Gross Indecency: The Three Trials of Oscar Wilde. Oscar Wilde, with his dandyism and galloping showmanship, brought tremendous wit and humor to the Aesthetic Movement — "One should either be a work of art or wear a work of art," he pronounced, and "Lying, the telling of beautiful untrue things is the proper aim of art" — but for all his self-parody, he took aestheticism very seriously. So it was natural for him to frame his affair with Lord Alfred Douglas (Bosie), the affair that eventually destroyed him, in deliriously sensual language. But in Moises Kaufman's Gross Indecency, Wilde is in the courtroom, battered with questions about his sexuality, and eventually his entire glittering and carefully constructed worldview crumbles. The play is an artful pastiche of excerpts from surviving trial transcripts, news articles, participants' memoirs, biographies and Wilde's own writing, with a group of actors moving fluidly from role to role. The real-life legal proceedings began when Wilde, at Bosie's instigation, sued Bosie's father, the Marquess of Queensberry, who had left a card at his club calling him a "posing somdomite [sic]." The Marquess was exonerated, and Wilde was placed on trial for gross indecency. Found guilty, he was sentenced to two years' hard labor and lost everything, including contact with his wife and two children. He died three years after his release. The play is multi-layered, and about more than the disintegration of Wilde's life or the intrusion of reality into a set of glorious artistic fictions; there are also issues of class and culture, and of the role of the artist in society. Director Stephen Weitz has mounted a sometimes incisive production with a solid cast. Presented by the Boulder Ensemble Theatre Company through May 5, Dairy Center for the Arts, 2590 Walnut Street, Boulder, 888-512-7469, www.boulderensembletheatre.org. Reviewed April 26.

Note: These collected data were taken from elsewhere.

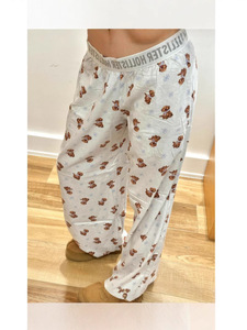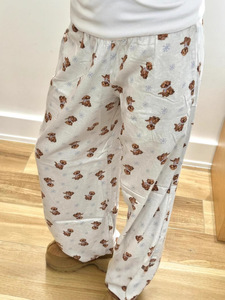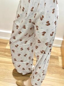 かわいいベアーのプリントは腰のカジュアルなズボンの女性2025春の新しいサイズの散歩の足をつないで長いズボンを引きずっています。
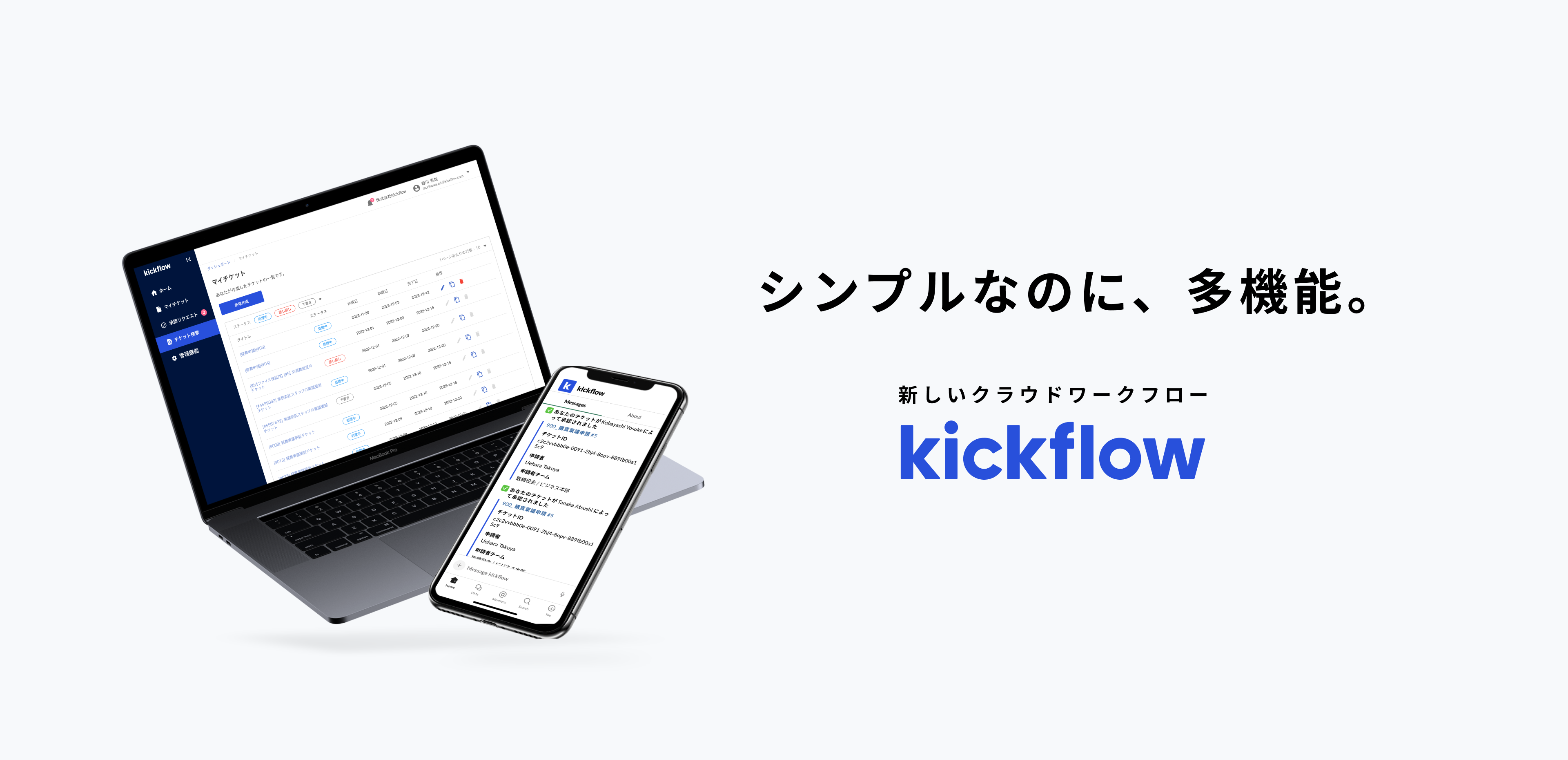kickflowは中堅・大企業向けに開発されたクラウド型稟議・ワークフローシステムです。数百社の課題ヒアリングを通じ、「エンタープライズ企業が一番使いやすい次世代型ワークフローシステム」として誕生しました。
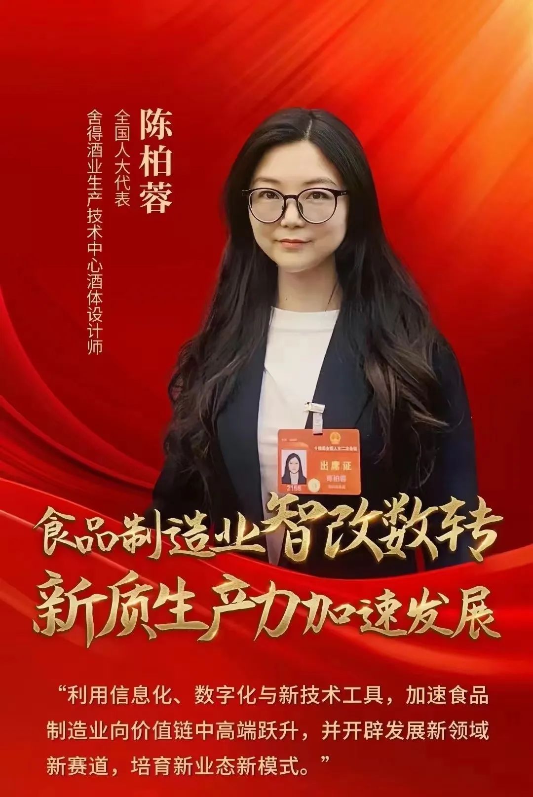 全国人大代表、舍得酒业生产技术中心酒体设计部酒体设计师陈柏蓉,是一名来自白酒科研一线的青年员工。今年全国两会,她围绕食品制造业“智改数转”主题提出具体建议。她建议在白酒行业先行先试,进而带动食品制造业整体转型升级。
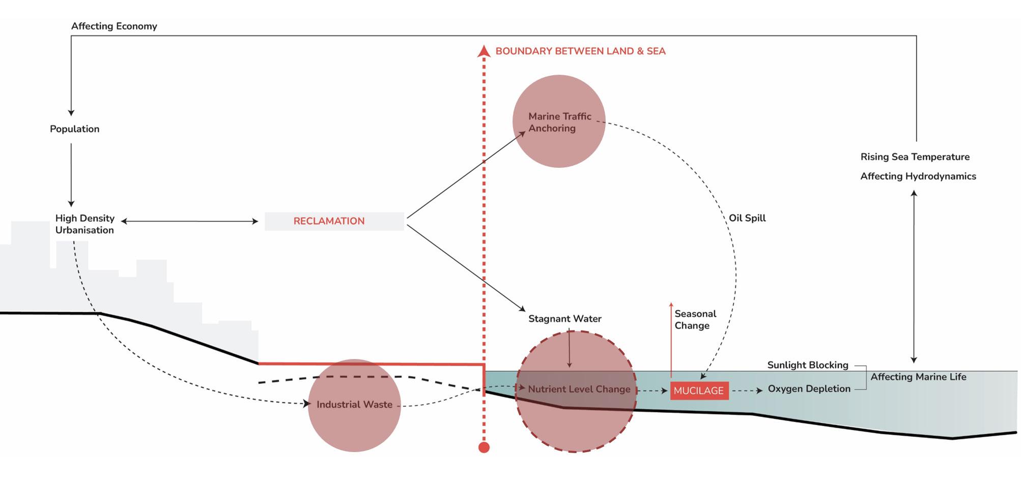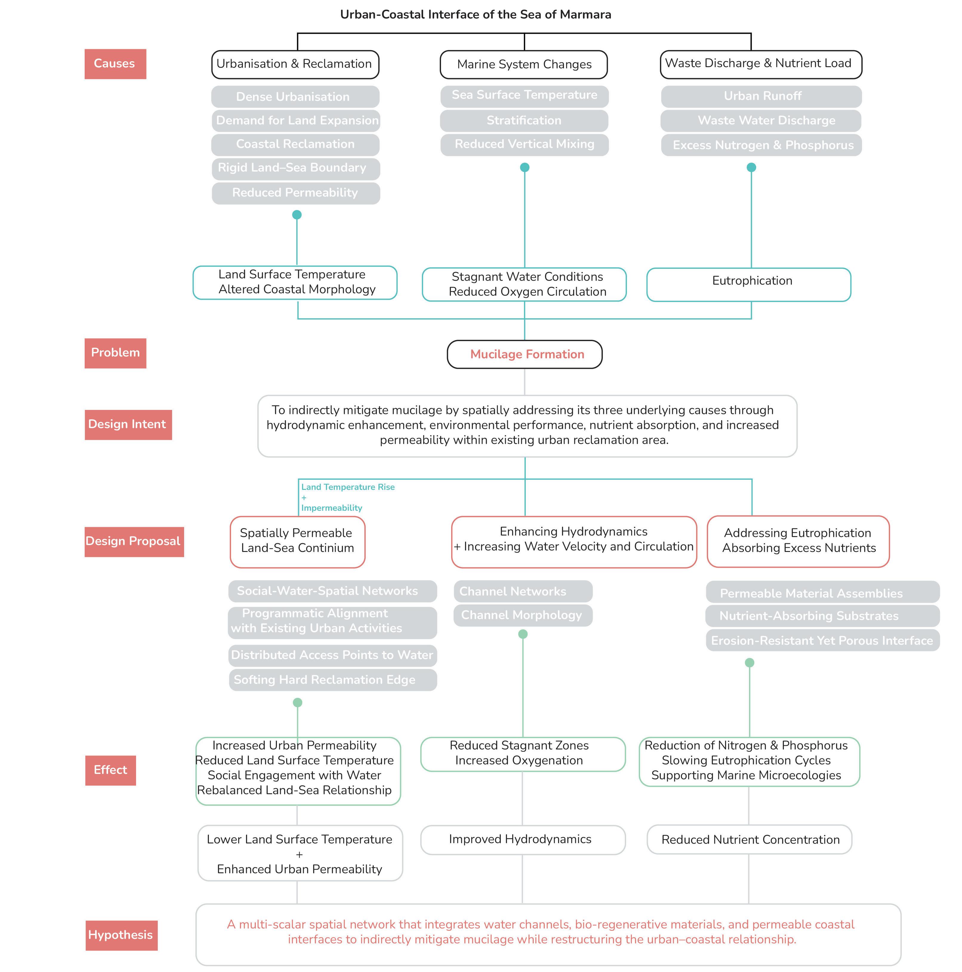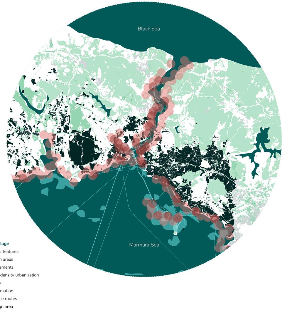 Dense urbanisation and coastal infrastructure have hardened the land–sea threshold into an impermeable boundary. What was once shaped by natural coastal flows has been transformed by infrastructure-led expansion that buries water streams, increases building density and leaves open spaces trapped and isolated. The hard reclaimed surface restricts water movement and alters sea hydrodynamics, deepening eutrophication and mucilage formation in the Sea of Marmara, while the growing urban density and impermeable reclaimed edge intensify land temperatures across the city, placing further environmental stress on the urban fabric. In addition, highways and rail lines disrupt direct access to the coastline, further distancing the city from the sea. The project rebuilds the urban–coastal gradient by softening the rigid reclaimed edge and introducing permeability across the urban–reclamation boundary, forming a coherent system of environmental and civic transitions. Building on earlier ecological design strategies, in which marine flow channels were used to restore circulation and water quality, the proposal extends this logic inland to mitigate growing heat temperature, uncover buried interfaces and reactivate a continuous spine that reconnects water, public spaces, pathways, green areas and the coastal edge.
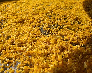 사진에서 보는 것처럼 강한 햇볕의 도움으로 최상급 유자진피차가 탄생합니다.
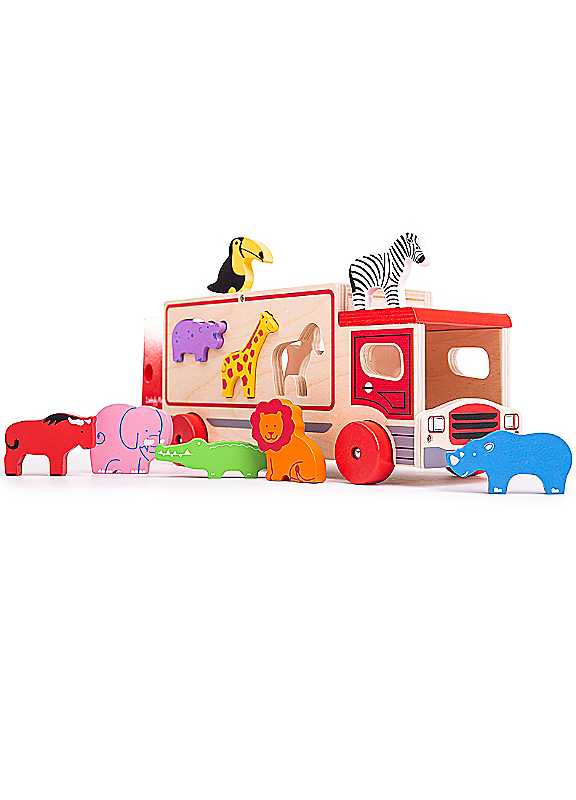 Who's ready for a safari? Hop aboard this Safari Sorting Toy Lorry and load the colourful wooden animals via the special slots on the roof and side panels of the vehicle.Age Suitability: 18 Months
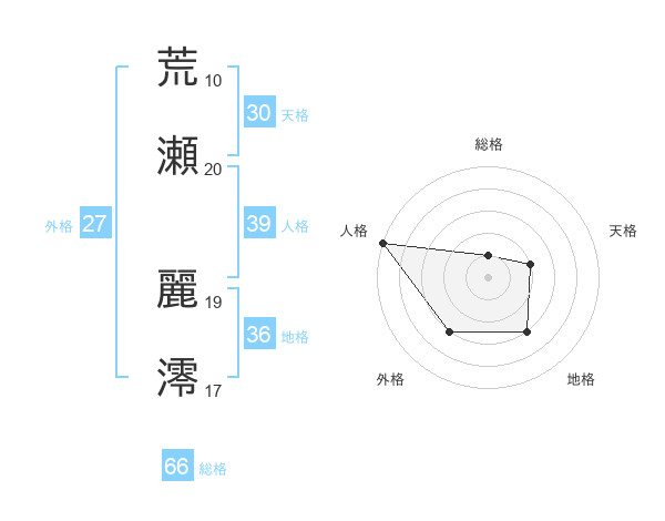 荒瀬 麗澪さんの人格は39画の5点!
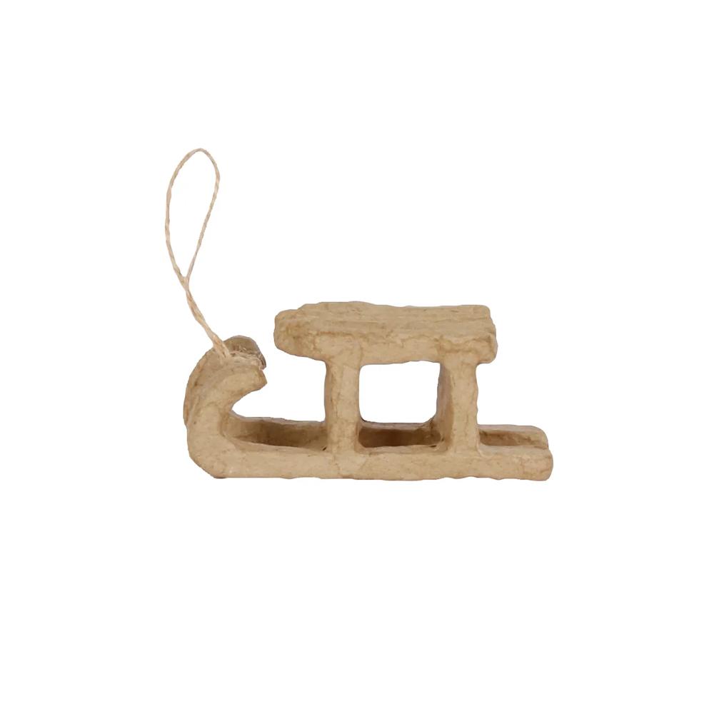 CARACTERISTIQUES : Cette luge à suspendre est fabriqué à la main à base de papier mâché de couleur brun. Chaque suspension est donc unique. Dimensions : 10x3,5x4 cm.
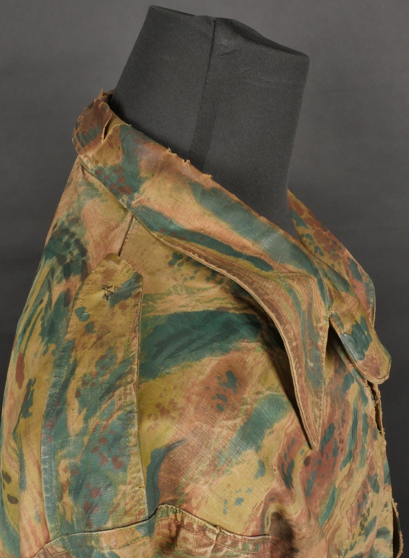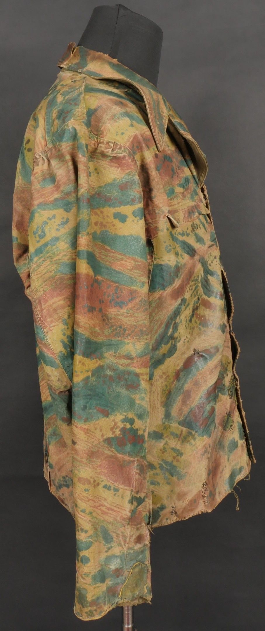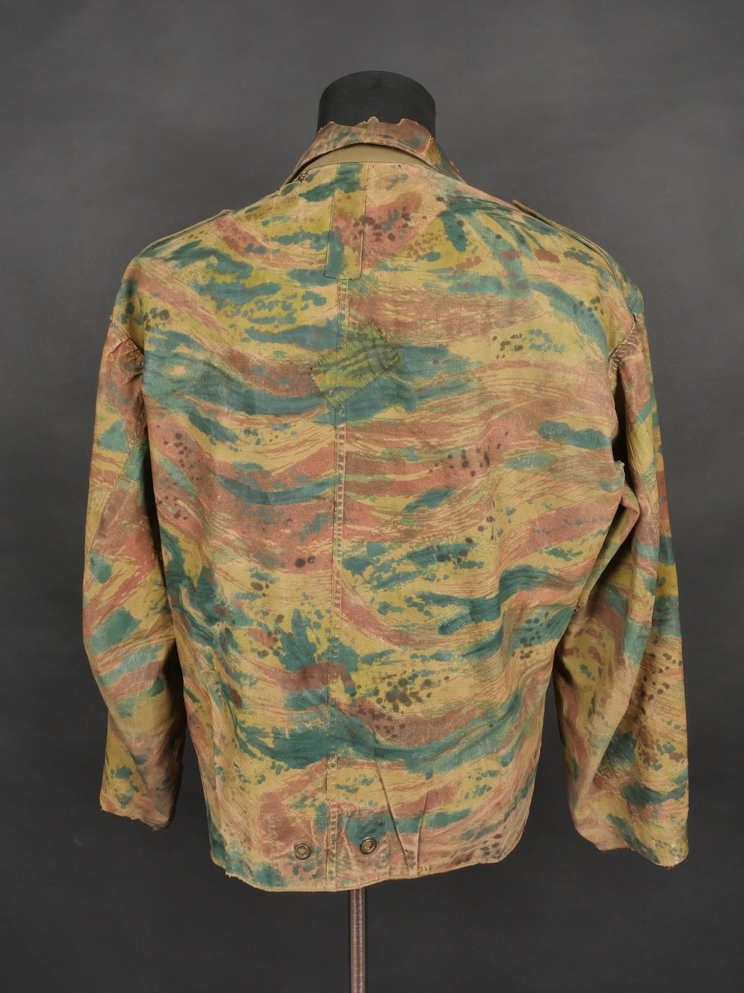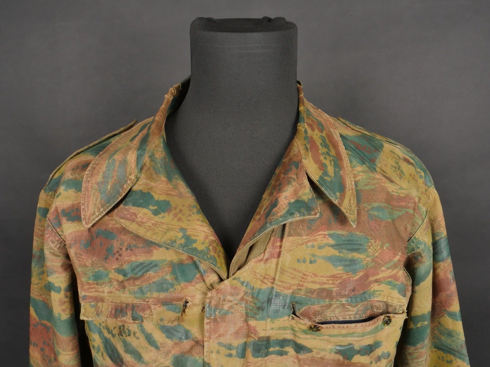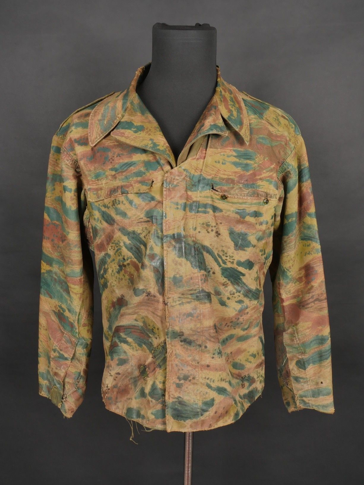 Atypical jacket worn by Second Lieutenant Escoffier during the Algerian War. The jacket was made from a light khaki TTA 47 52 jacket, onto which a master tailor sewed a waterproof canvas, then camouflaged it with a brush. The camouflage is based on French camouflage, with green and brown being the main colours. The jacket fastens with 4 large press studs, but can also be fastened with a buttonhole that joins the buttons on the TTA jacket. 2 chest pockets close with 2 small press studs. Several small period repairs. Sublieutenant Escoffier served during the Algerian War in the company specialising in guerrilla and counter-guerrilla warfare of the 31st Battalion of Chasseurs à pied. Unique jacket. Unique jacket worn by Second Lieutenant Escoffier during the Algerian War modified from a khaki TTA 4752 lightweight jacket by adding a handpainted waterproof camouflage layer in green and brown French pattern. Four large press studs for closure additional buttonholes to use original buttons two chest pockets with small press studs. Several period repairs. Escoffier served with the 31st Infantry Battalion's guerrilla and counterguerrilla company. Oneofakind piece.
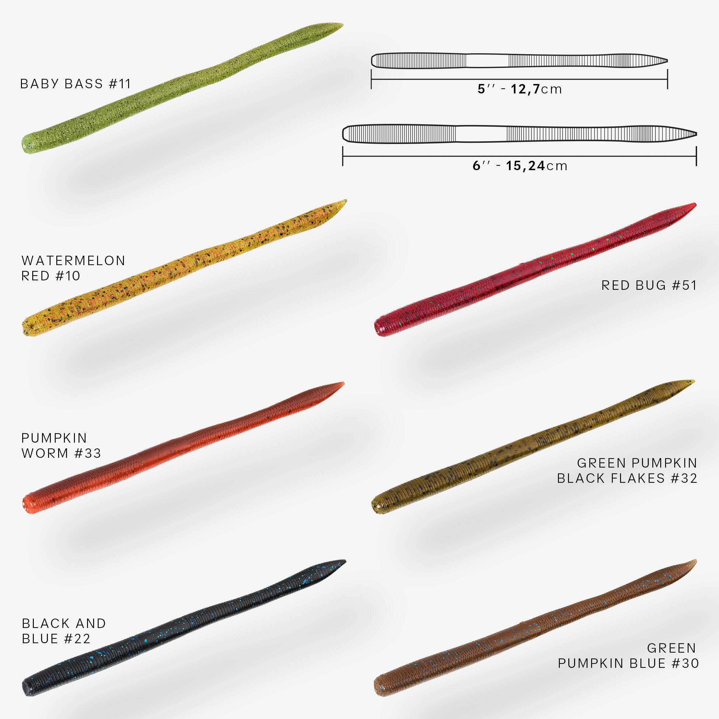 Odlična je za ribolov ščuk in ostrižev. Navežete lahko na več načinov: wacky, texan, carolina ali drop shot, ki ponuja veliko vsestranskost.
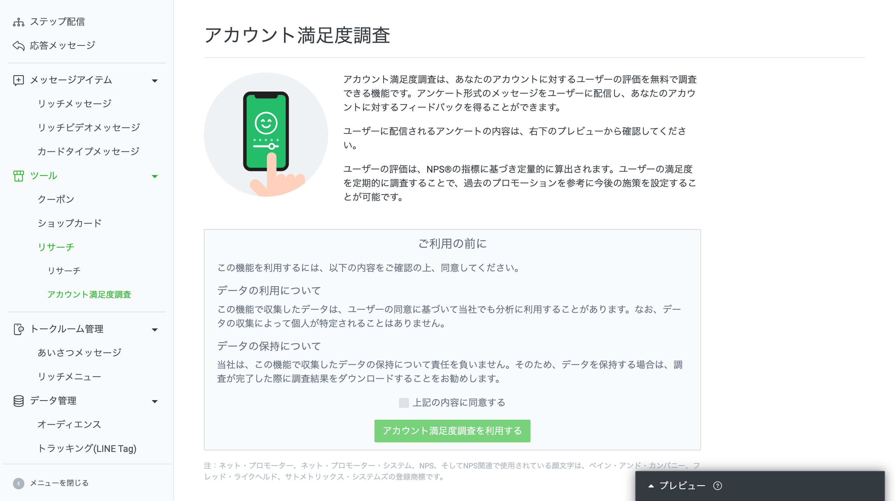 まずは、リサーチのトップ画面からサイドバー「アカウント満足度調査」をクリックしてみましょう。すると、初回限定で下図のような画面が表示されるはずです。
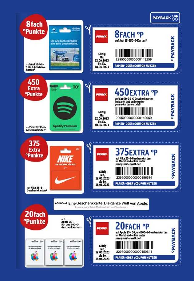Penny Kartenwelt – Mehrfach und Extra Paybackpunkte auf Aral, Nike, Sportify & Apple Geschenkkarten (12.06. – 18.06.23)
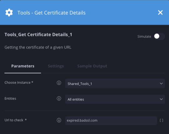 | URL para verificar | URL | expired.badssk.com | Sim | Especifique o URL de onde os detalhes do certificado serão recuperados. |
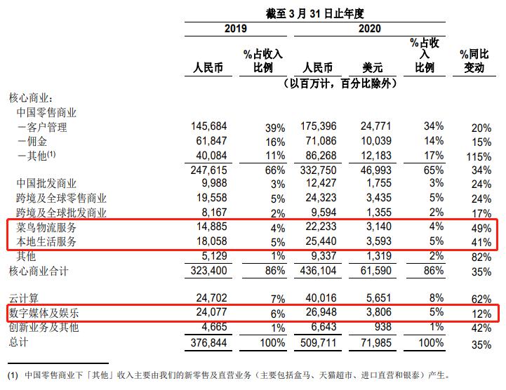 从2020财年阿里年报可见,本地生活、菜鸟物流、数字媒体及娱乐等业务板块的营收占比依然很小。
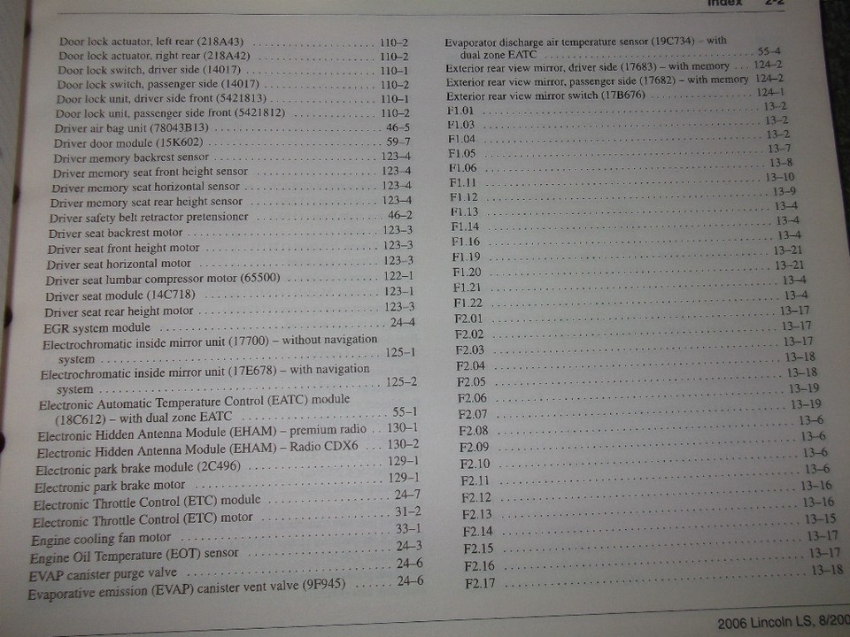 Manuale Di Riparazione Per Officina E Servizio Nuovo 2003 LINCOLN LS

The Two of Us. This group of four short plays is Michael Frayn's earliest theatrical work. Its genesis came in 1970, when he submitted Black & Silver for an evening of one-acts, was rejected, and decided to write three more pieces and create The Two of Us. The first playlet, the original Black & Silver, follows a couple trying to recapture the magic of their Venice honeymoon three years later — only now they have their squalling baby in tow. They try to sleep. The baby wakes and cries. They mutter and argue, rock the cradle and change the diaper. There's a lot of stumbling about in the half dark and unfunny tumbling over chairs. The second play is quite wonderful, however: A young man shows up at the home of an older woman he met at a party the night before, determined to move in; she's puzzled, irritated, anxious to get rid of him. But by the time he's through weaving verbal nets of crazy connections and bits of popular science, and expounding on his bizarre philosophy — in which people not only say the opposite of what they mean, but actually feel the opposite of what they think they feel — she's getting a bit swoony. In the third playlet, a man expresses himself almost entirely through his foot, while his exasperated wife carries on a monologue with an imaginary person and gets drunk on imaginary booze. The final offering concerns a disastrous dinner party. The evening is uneven: flashes of brilliance, stretches of boredom and moments of sheer exhilaration, but you can see in this skilled production the techniques and ideas that will inform Frayn's body of brilliant mature work. Presented by Miners Alley through May 20, 1224 Washington Avenue, Golden, 303-935-3044, www.minersalley.com. Reviewed April 19.